Representing a Categorical Variable with Graphs

Help Questions

AP Statistics › Representing a Categorical Variable with Graphs

Questions 1 - 4
1

A marketing firm surveyed 500 shoppers about their primary reason for choosing a particular grocery store. The reasons were categorized as Price, Convenience, Quality, and Service. Which of the following graphical displays is most appropriate for visualizing the distribution of these reasons?

A dotplot, as it can represent each of the 500 individual shopper responses as a separate point.

A bar chart, because the variable 'reason' is categorical and this graph displays the frequency for each category.

A histogram, because it shows the shape of the distribution by grouping shopper responses into bins.

A stem-and-leaf plot, because it is useful for showing the distribution of a variable with a small to moderate number of observations.

Explanation

A bar chart is the appropriate graphical display for a single categorical variable. The variable 'reason' has distinct categories (Price, Convenience, etc.), and a bar chart effectively shows the count or proportion in each category. Histograms, dotplots, and stem-and-leaf plots are used for quantitative data, not categorical data.

2

A city official wants to display the sources of city tax revenue for the past year. The sources are Property Tax, Sales Tax, Income Tax, and Other Fees. Which of the following graphs would be best to emphasize each source's contribution to the total revenue?

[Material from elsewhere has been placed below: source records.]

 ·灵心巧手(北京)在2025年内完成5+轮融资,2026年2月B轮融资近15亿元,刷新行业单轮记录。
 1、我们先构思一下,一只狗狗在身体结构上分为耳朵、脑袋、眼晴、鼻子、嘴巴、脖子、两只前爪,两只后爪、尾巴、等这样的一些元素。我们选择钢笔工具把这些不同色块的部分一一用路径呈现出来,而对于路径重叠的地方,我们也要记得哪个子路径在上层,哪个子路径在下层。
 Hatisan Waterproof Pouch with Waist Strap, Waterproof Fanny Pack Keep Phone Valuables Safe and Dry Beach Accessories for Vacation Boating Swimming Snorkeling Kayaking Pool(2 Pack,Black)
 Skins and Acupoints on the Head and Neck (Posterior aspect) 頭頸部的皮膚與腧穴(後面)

A side-by-side bar chart, to compare each revenue source to the others.

A pie chart, because it visually represents parts of a whole.

A histogram, because tax revenue is a quantitative variable.

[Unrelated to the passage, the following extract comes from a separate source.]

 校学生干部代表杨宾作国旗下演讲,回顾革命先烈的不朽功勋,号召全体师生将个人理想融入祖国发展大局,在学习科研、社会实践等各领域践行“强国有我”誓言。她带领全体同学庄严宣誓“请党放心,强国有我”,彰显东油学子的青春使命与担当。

A dotplot, to show the distribution of the different revenue amounts.

Explanation

A pie chart is specifically designed to show how a whole amount is divided into parts. It is ideal for displaying the proportion of the total tax revenue that comes from each categorical source, thus emphasizing each source's contribution to the whole.

3

A sociologist wants to compare the distribution of educational attainment (e.g., high school, bachelor's degree, master's degree) for residents of two different cities. Which graphical display would be most effective for a direct comparison between the two cities?

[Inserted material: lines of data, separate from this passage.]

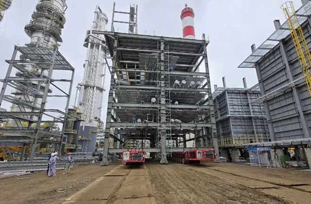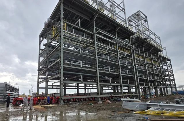 中石化广州工程公司总承包建设的北方华锦项目芳烃联合装置总长72米、宽16米、高34米、总重1200吨的三个管廊模块,通过SPMT(自行式模块运输车)的整体运输、整体顶升,全部精准就位,标志着公司在管廊模块化施工方面取得新突破。
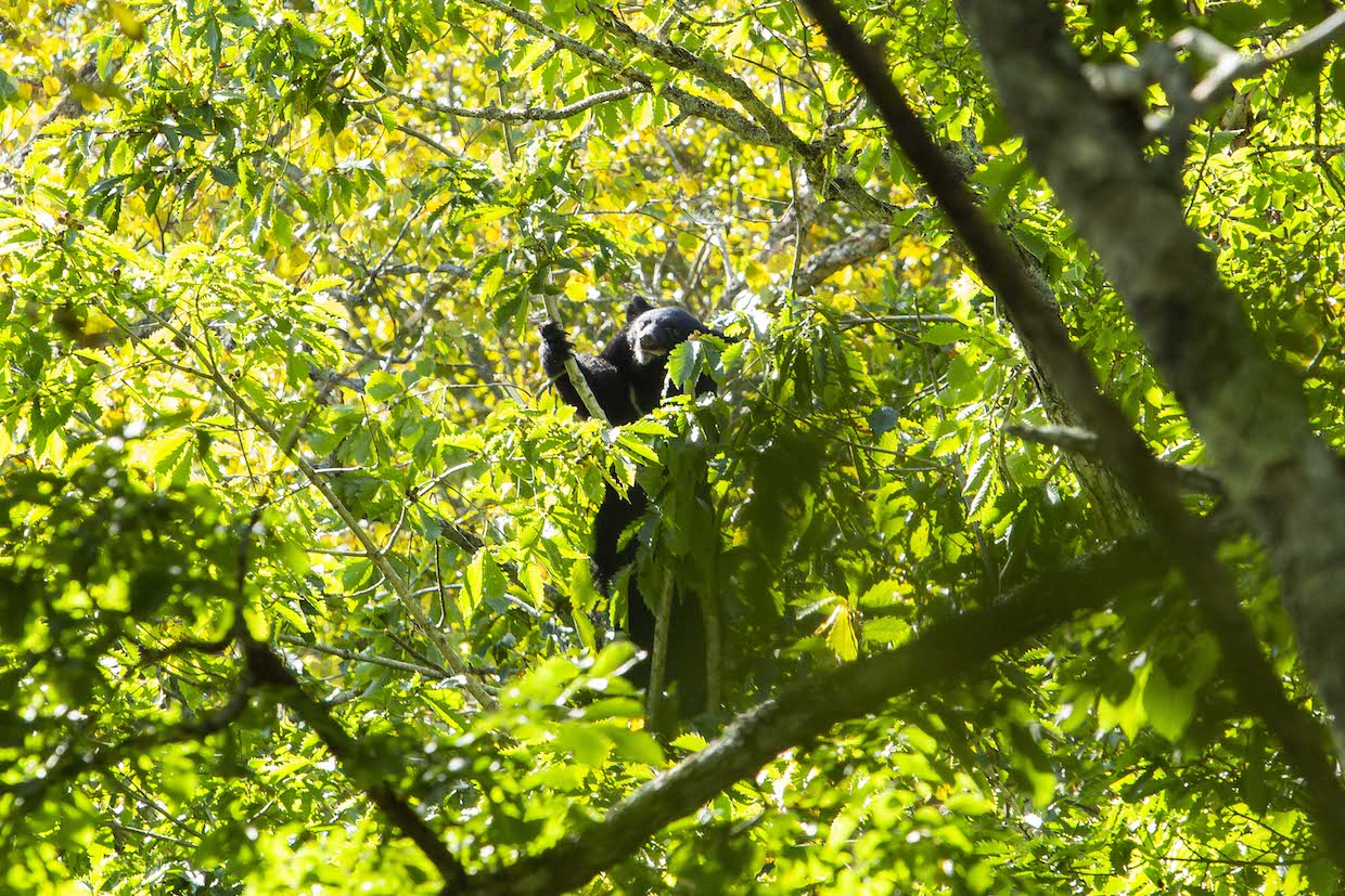 クマだ! ミズナラの上の方で黙々とドングリを食べている。
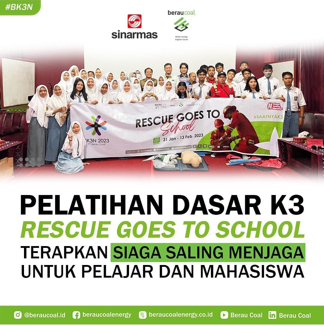 TANJUNG REDEB,HARIAN UTAMA- Sejalan dengan rangkaian kegiatan Bulan Keselamatan dan Kesehatan Kerja Nasional (BK3N) Tahun 2023, Berau Coal melalui Emergency Response Group (ERG) melakukan pembekalan keselamatan kepada mahasiswa dan pelajar di Kabupaten Berau dengan tema “Rescue Goes to School”.

Two separate pie charts, one for each city's educational attainment.

A histogram of educational attainment, treating the categories as numerical values.

A side-by-side bar chart showing the educational attainment categories for each city.

A single bar chart showing the combined educational attainment for both cities.

Explanation

A side-by-side bar chart is designed to compare the distribution of a categorical variable across two or more groups. It places the bars for each city next to each other for each category, allowing for easy comparison. A combined bar chart (A) would lose the city-to-city comparison. Two pie charts (B) make direct comparison of categories difficult. A histogram (D) is inappropriate for categorical data.

4

Data on the preferred social media platform were collected from a sample of 200 teenagers and a separate sample of 300 adults. To compare the distributions of preferences between teenagers and adults, what is the most significant disadvantage of using two frequency bar charts instead of two relative frequency bar charts?

The frequency bar charts cannot be used for categorical data, only relative frequency charts can.

The direct comparison of bar heights between the two charts could be misleading due to the different sample sizes.

It would be impossible to determine the total number of people who prefer a certain platform from the frequency charts.

The frequency bar charts would not show the most popular platform for each group.

Explanation

When group sizes are unequal, comparing raw counts (frequencies) is misleading. A category might have a higher count in the adult group simply because there are more adults in the sample. Relative frequency charts standardize the comparison by showing proportions within each group, allowing for a valid comparison of preferences irrespective of sample size.